Start of DATA

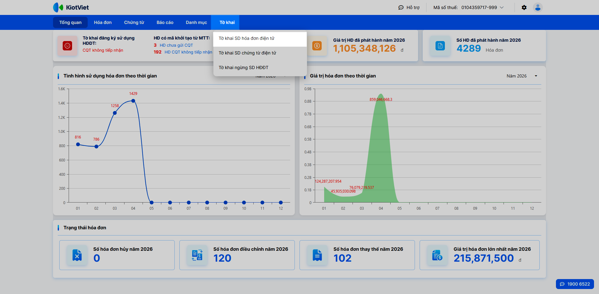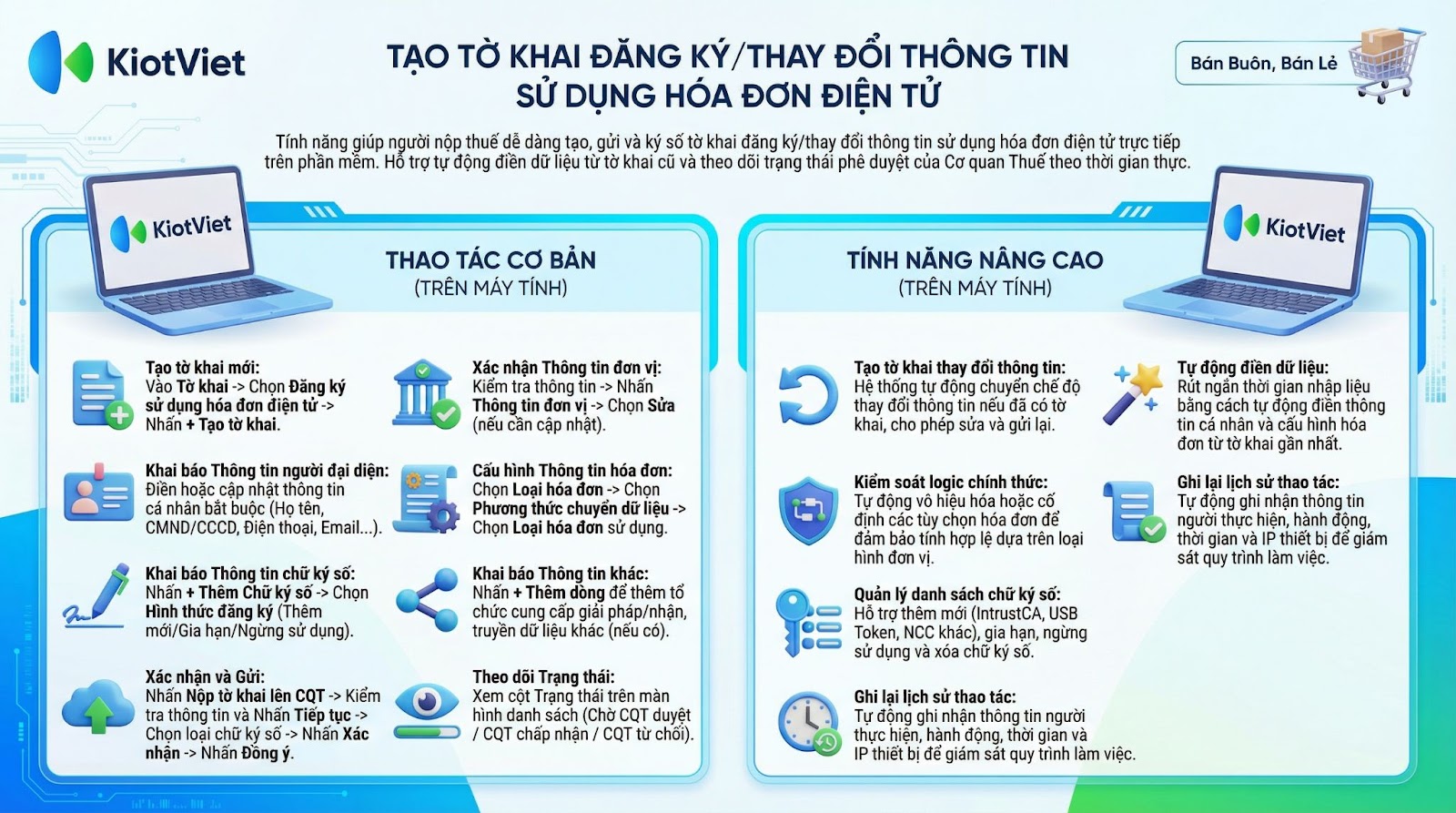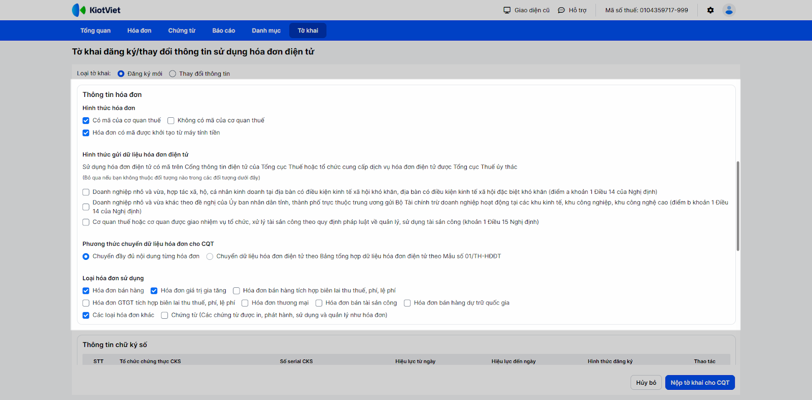 Tính năng này cho phép người nộp thuế lập và nộp tờ khai đăng ký hoặc thay đổi thông tin sử dụng hóa đơn điện tử (Mẫu số 01/ĐKTĐ-HĐĐT – Phụ lục IA ban hành kèm theo Nghị định 70/2025/NĐ-CP) trực tiếp trên phần mềm KiotViet (tích hợp trên KiotViet eInvoice). Tờ khai sẽ được ký số điện tử và gửi lên Cơ quan Thuế (CQT). Đây là bước bắt buộc trước khi cửa hàng, doanh nghiệp có thể bắt đầu phát hành hóa đơn điện tử hợp lệ, hoặc khi có bất kỳ thay đổi nào về thông tin đã đăng ký.
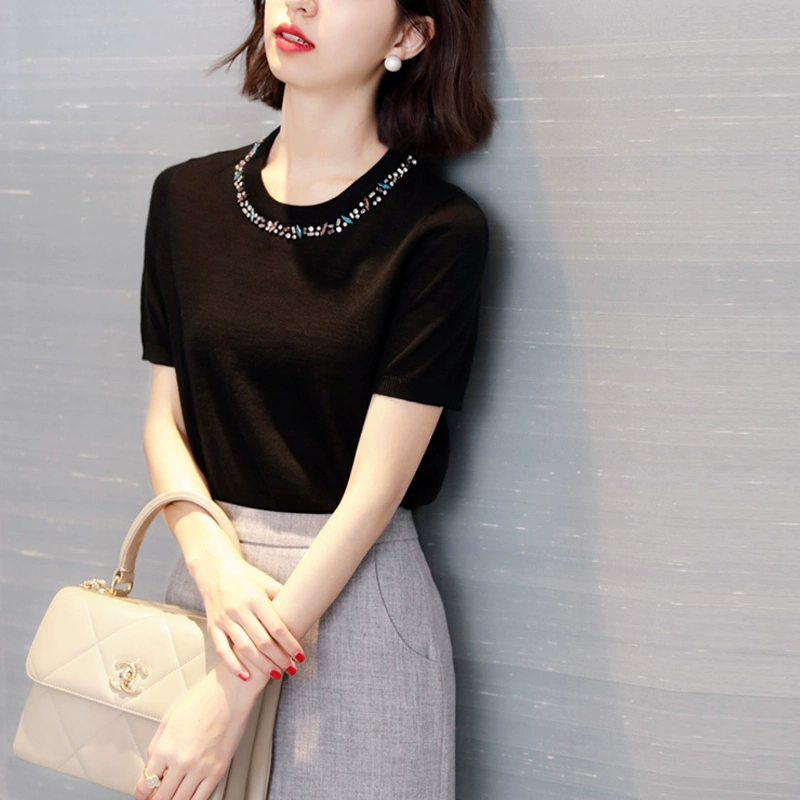 | nameOriginal | White thin ice silk short-sleeved sweater with diamond collar |
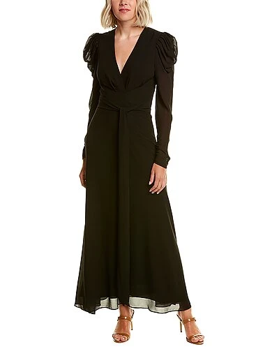 - Bernadette Maxi Dress in black with chiffon design, draped puff sleeves, detachable scarf detail, and accordion pleated front skirt
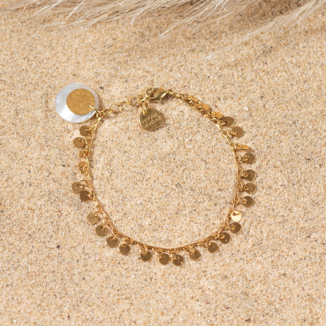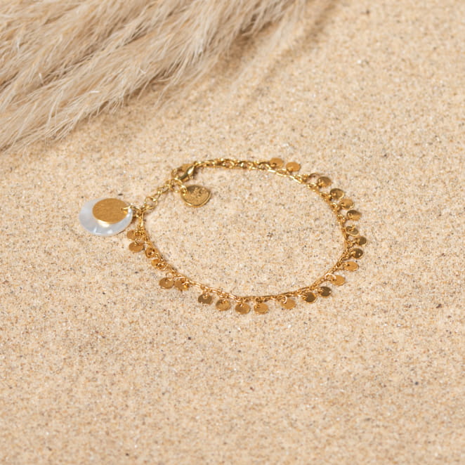 Optez pour un style bohème avec notre bracelet doré Tzigane. Un bijou pour femme tendance et élégant composé d'une chaîne dorée et d'un pendentif rond en nacre blanc. Un accessoire agréable à porter au quotidien.
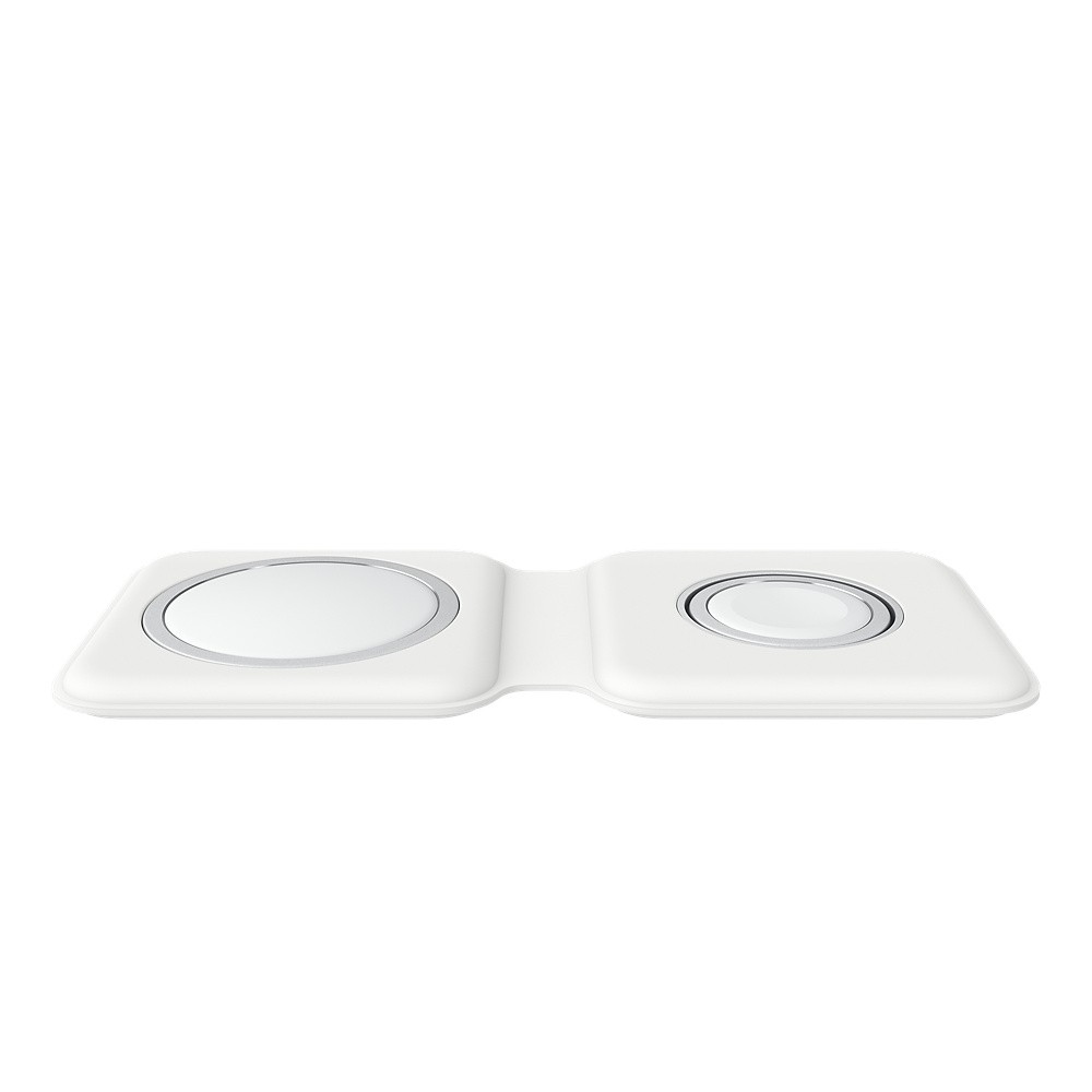 L’alimentatore duo MagSafe ricarica comodamente i modelli compatibili di iPhone e Apple Watch, la custodia di ricarica wireless per AirPods e altri dispositivi certificati Qi: ti basta appoggiarli sull’alimentatore. E si ripiega comodamente, così puoi averlo sempre con te.
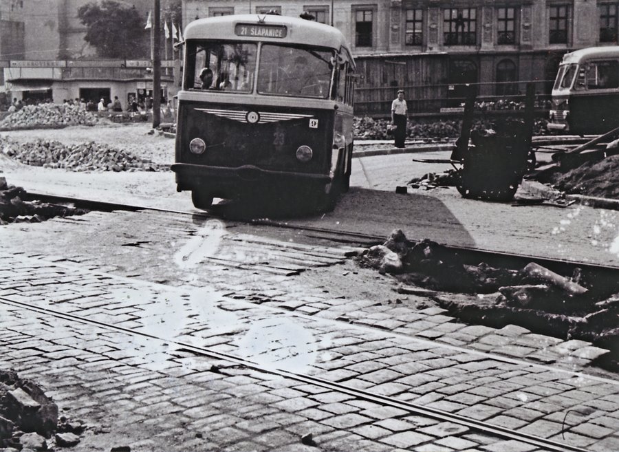 Trolejbus ev. č. 23 projíždí setrvačností přes provizorní přejezd během výstavby nového tramvajového kolejiště před hlavním nádražím.
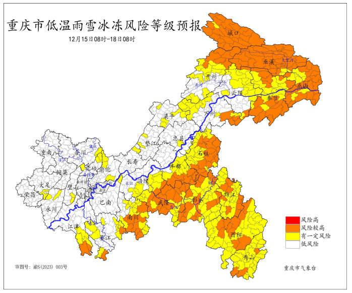 重庆市气象台提醒,15―17日中东部高海拔地区低温雨雪冰冻风险较高,需关注雨雪天气对交通出行、城市运行、电力和通信设施、农业生产、群众生产生活的不利影响。此次过程降温剧烈,公众需关注气温变化,做好防寒保暖措施。要加强安全取暖科普宣传,防范火灾和一氧化碳中毒。18―20日,大部地区日最低气温-3-4℃,仍较低,需关注持续低温天气的不利影响。
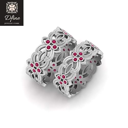 Pink Cz Lesbian Couple Rings Matching Celtic Wedding Band Set For

End of DATA

→ **WHAT YOU SHOULD DO**:
Where the line containing "Trolejbus ev. č." appears in the records above, begin copying and continue exactly through the last line, with nothing else; omit every picture.

→ **RESULT OF THIS TASK**:
 Trolejbus ev. č. 23 projíždí setrvačností přes provizorní přejezd během výstavby nového tramvajového kolejiště před hlavním nádražím.
 重庆市气象台提醒,15―17日中东部高海拔地区低温雨雪冰冻风险较高,需关注雨雪天气对交通出行、城市运行、电力和通信设施、农业生产、群众生产生活的不利影响。此次过程降温剧烈,公众需关注气温变化,做好防寒保暖措施。要加强安全取暖科普宣传,防范火灾和一氧化碳中毒。18―20日,大部地区日最低气温-3-4℃,仍较低,需关注持续低温天气的不利影响。
 Pink Cz Lesbian Couple Rings Matching Celtic Wedding Band Set For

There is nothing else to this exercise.